Real Estate News

This north side Hilton Head neighborhood closer to banning resort-style developments

Ending resort-style developments in Bradley Circle is one vote away by the Hilton Head Town Council from taking effect, but not everyone is happy about it.

The council on Tuesday voted unanimously to change the north-side neighborhood’s zoning from resort development back to residential after Councilwoman Kim Likins convinced fellow Council members to amend the proposed ordinance to include three parcels previously excluded from rezoning by the town Planning Commission. Before the area can be rezoned, the ordinance must be approved by the Council at a second reading.

“All I could think about was, if I lived there or if I was visiting there, my boys would be throwing a football in that road, right around the corner from a road someone would be coming in on and not see them,” Likins said before the vote. “The idea of safety immediately came to mind.”

Likins said she was on the Land Management Ordinance Committee in 2014 when the zoning was changed to resort development; looking back, she thinks the committee made a mistake.

“It doesn’t fit into the character that the neighborhood has been for all these years. I just will be honest and say I believe we made a mistake,” Likins said. “I think at this point the best thing to do is to correct that mistake.”

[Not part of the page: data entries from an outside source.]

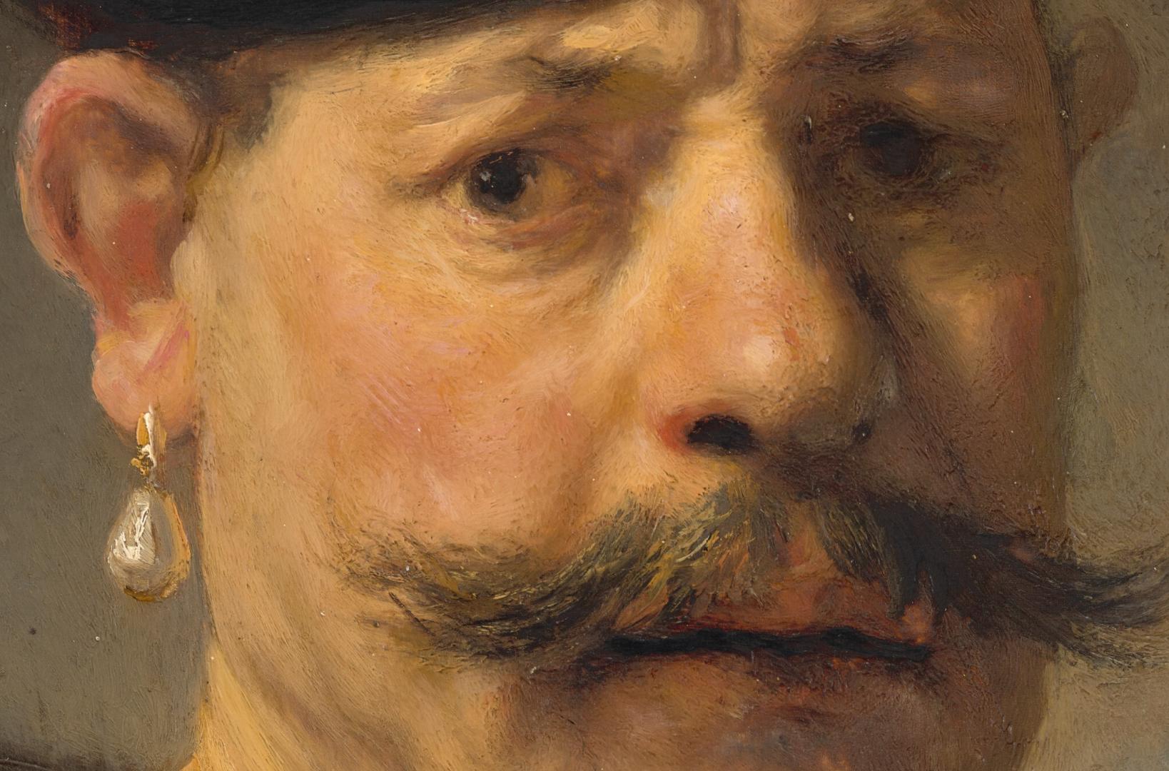 After learning the fundamentals of drawing and painting in his native Leiden, Rembrandt van Rijn went to Amsterdam in 1624 to study for six months with Pieter Lastman (1583–1633), a famous history painter. Upon completion of his training Rembrandt returned to Leiden. Around 1632 he moved to Amsterdam, quickly establishing himself as the town’s leading artist. He received many commissions for portraits and attracted a number of students who came to learn his method of painting. A Polish Nobleman is probably not a portrait of a specific individual; instead it represents a more generic exotic type that Rembrandt favored during the 1630s. The beaver hat, dark fur cloak, and massive gold chain and medallion have suggested to many that the sitter was Slavic, but the painting’s title has no factual basis. Such exotic paintings allowed Rembrandt to expand the limits of portraiture because he was not constrained by traditional conventions. Through dramatic accents of light and dark on the sitter’s face, bold brushwork, and dense application of paint, Rembrandt created a powerful, almost sculptural presence. By emphasizing the man’s furrowed brow and by shading his eyes, Rembrandt has portrayed him as a thoughtful individual. The penetrating expression of A Polish Nobleman and the striking resemblance of the sitter’s features to Rembrandt’s, particularly in the area around the eyes and nose, make one wonder if this painting is not, in fact, a fanciful and liberally embellished self-portrait. Shown from about the waist up, a light-skinned man with sagging jowls and a double chin wears a fur garment and hat, a large teardrop pearl earring, and gold chains in this vertical painting. In front of a cracked gray stone wall, the man’s body is angled to our right but he turns his face to look at us with brown eyes under a furrowed brow. He has a bulbous nose, and his lips are slightly parted under a wide, wispy mustache. His brown hair is mostly hidden under the tall dark brown fur hat, which is wrapped with a gold chain with a gold medallion at the front. The chestnut-brown fur coat looks especially fuzzy along the neckline, which is also encircled with a thick gold chain. A gold, crown-shaped pendant with a black brush hangs over his right shoulder, closer to us. He holds a gold-tipped cane with his right hand, his thumb extended along the cane. The artist signed and dated the work in the upper right corner, “Rembrandt f: 1637.” (NGA)
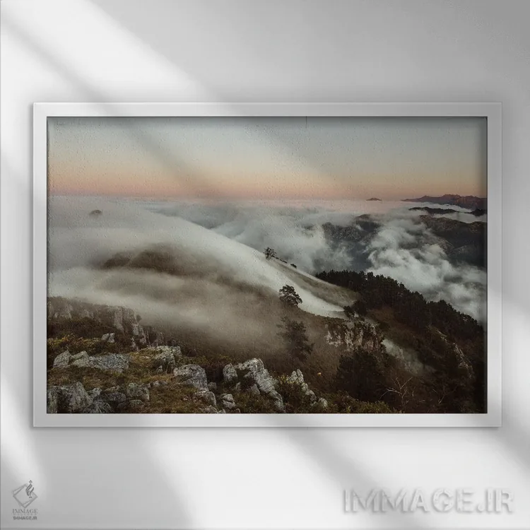 براساس پالت گرم اثر، قاب بلوط روشن (چوبی) پیشنهاد اول است و استخوانی ملایم مکمل. برای سفارشهای پروژهای با ابعاد و قابهای اختصاصی با ایماژ در تماس باشید.
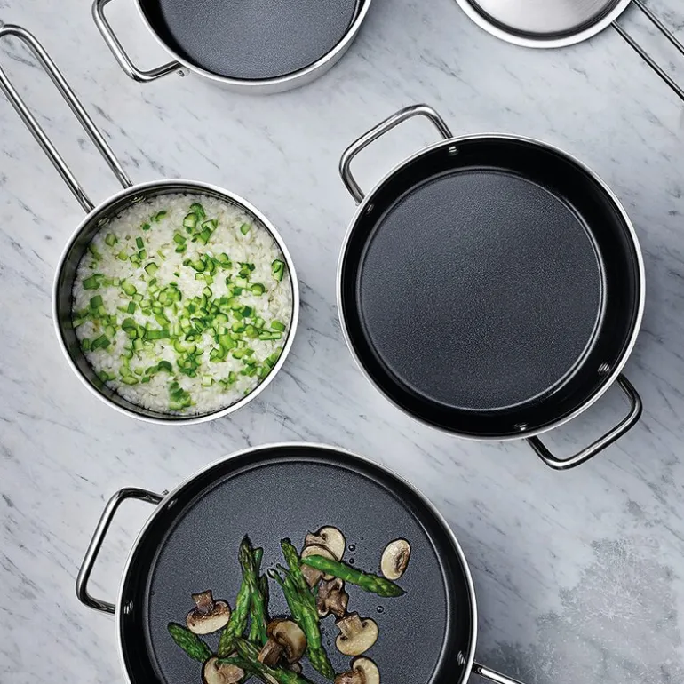 - Bunn: aluminium/rustfritt stål Kropp:90% recycled post-consumer rustfritt stål, Keramisk Slip-Let®-beleggHåndtak: rustfritt stål
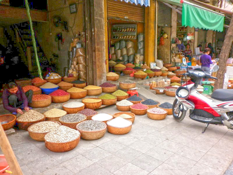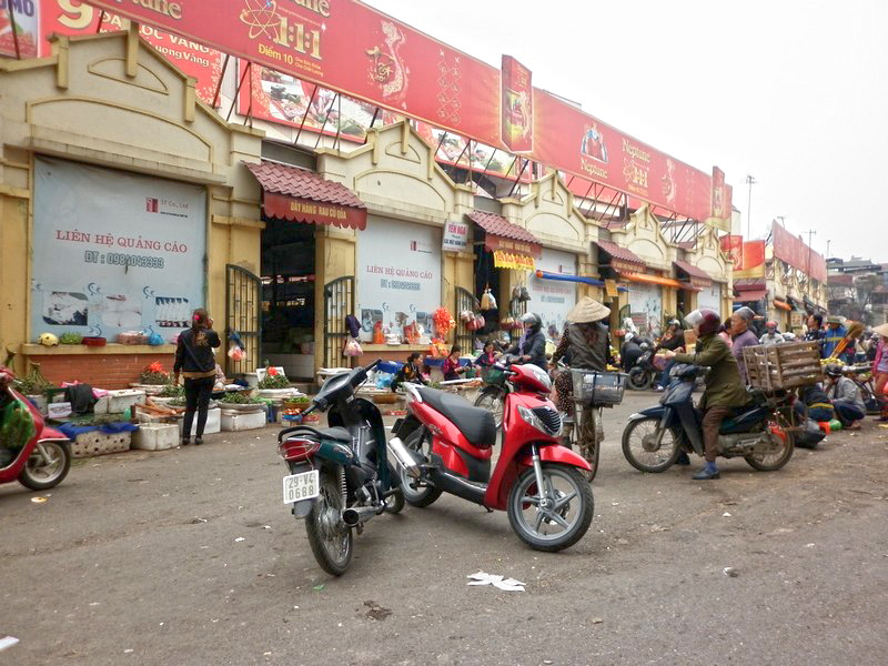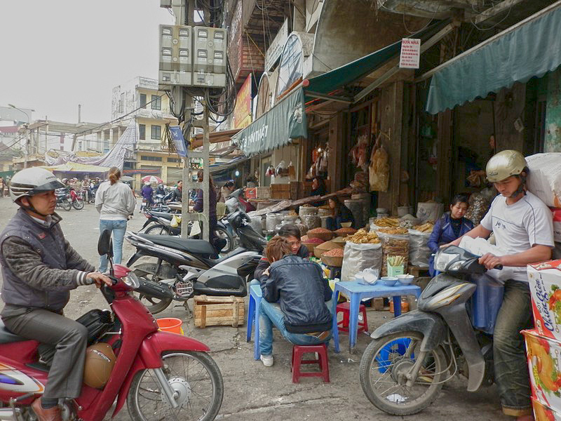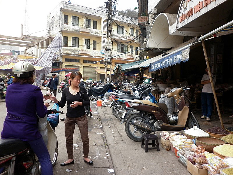 de mieux avec, bien sûr, sur leur carte époustouflante, du chien mais aussi du chameau chinois et des abeilles frites. C’est zarbi dans ce restau. Une ambiance (Andrea dixit) entre gare centrale, karaoké (très apprécié des Vietnamiens) et repas de mariage. Nam n’est pas avec nous, le personnel ne parle que le local, on nous fait comprendre qu’il n’y a pas de chien et nous suggère, ou impose, du boeuf. Ce n’était pas notre meilleur repas, il n’a pas droit à la photo. Après le repas, balade au marché nocturne. Là non plus, pas de photo, c’est à 100% du linge chinois et des fringues. Nous reconnaissons parmi les marques proposées : Chanel, Hermès, Armani... No comment. Le marché est très apprécié et de nombreux Hanoïens s’y rendent, mais c’est dodo pour nous. |
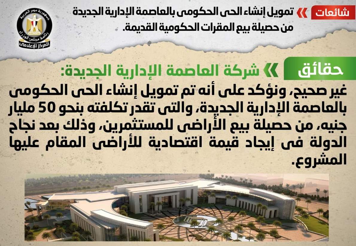 وتواصل المركز الإعلامي لمجلس الوزراء مع شركة العاصمة الإدارية الجديدة، والتي نفت تلك الأنباء، مُؤكدةً أنه لا صحة لتمويل إنشاء الحي الحكومي بالعاصمة الإدارية الجديدة من حصيلة بيع المقرات الحكومية القديمة.
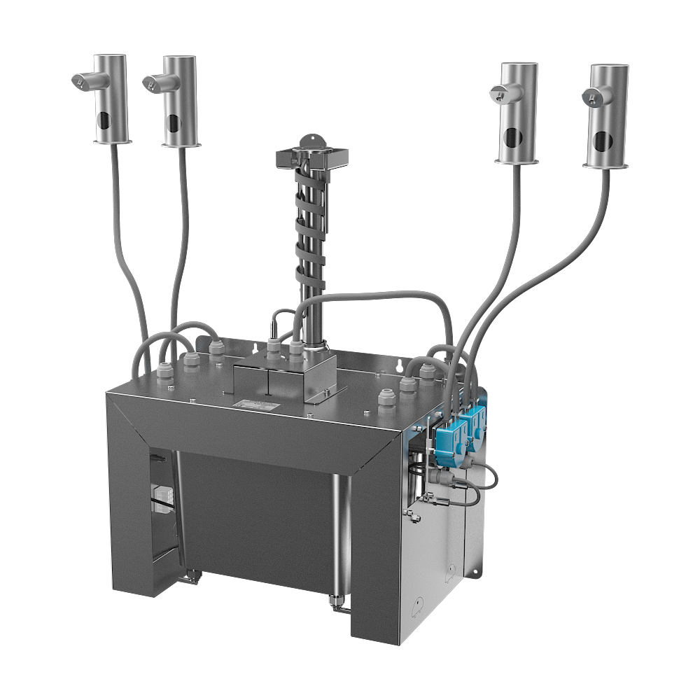 SLZN 91E4 - Leveringsnr. 85914 - tud i rustfrit stål med elektronik (4 stk.), indløbsslanger, central sæbedispenser med peristaltiske pumper til flydende sæbe og sæbebeholder 6 l, strømforsyning SLZ 01Y, fjernbetjening SLD 03
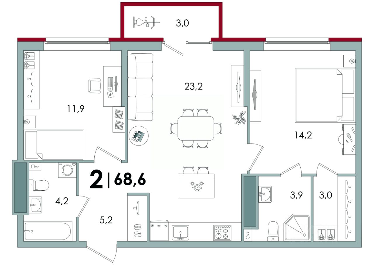 Общая площадь68,6 м2

But six residents spoke at the meeting asking Council members to not move forward with rezoning the three parcels.

“Keep mine resort development because it was resort development way before they changed the other parcels,” said Robert Singleton, a native islander who owns one of the parcels in question.

Walter Nester, an attorney representing some property owners in Bradley Circle, said the area should not be rezoned because the purpose of changing it to resort development in 2014 was to encourage the type of development that the area is now seeing.

Three 75-foot-tall houses being constructed near Chaplin Community Park are what sparked residents to request their zoning be changed back to residential. A restriction on the height of buildings in the area was changed from 75 feet to 45 feet after a land-management ordinance amendment was approved in May 2016, Nicole Dixon, the town’s development review administrator, said previously.

The issue now is not necessarily the height but what types of developments could be permitted under resort development zoning, residents have said.

Changing the area back to residential would not allow offices, resort accommodations and most other commercial services, Dixon said earlier this month.

In an interview last month, Christopher Abreu, a Connecticut resident and owner of two of the three resort-style houses, said he needed to build homes big enough for his family to stay in part of the year. The homes likely will be rented when his family is not using them, he said.

Charles Cousins, town director of community development, said last month the staff’s original recommendation included the three outlying lots because allowing them to remain zoned for resort development would exacerbate traffic in the area. He also said those lots conformed better with residential zoning.

“If you don’t (include the three parcels), the mistake made on the right end of the circle coming in will be duplicated on the other side,” Tamara Becker, a resident in favor of rezoning the area back to residential, said during Tuesday’s meeting. “Our pedestrians, our bike riders, our visitors are all in danger by the development under the (resort development) designation.”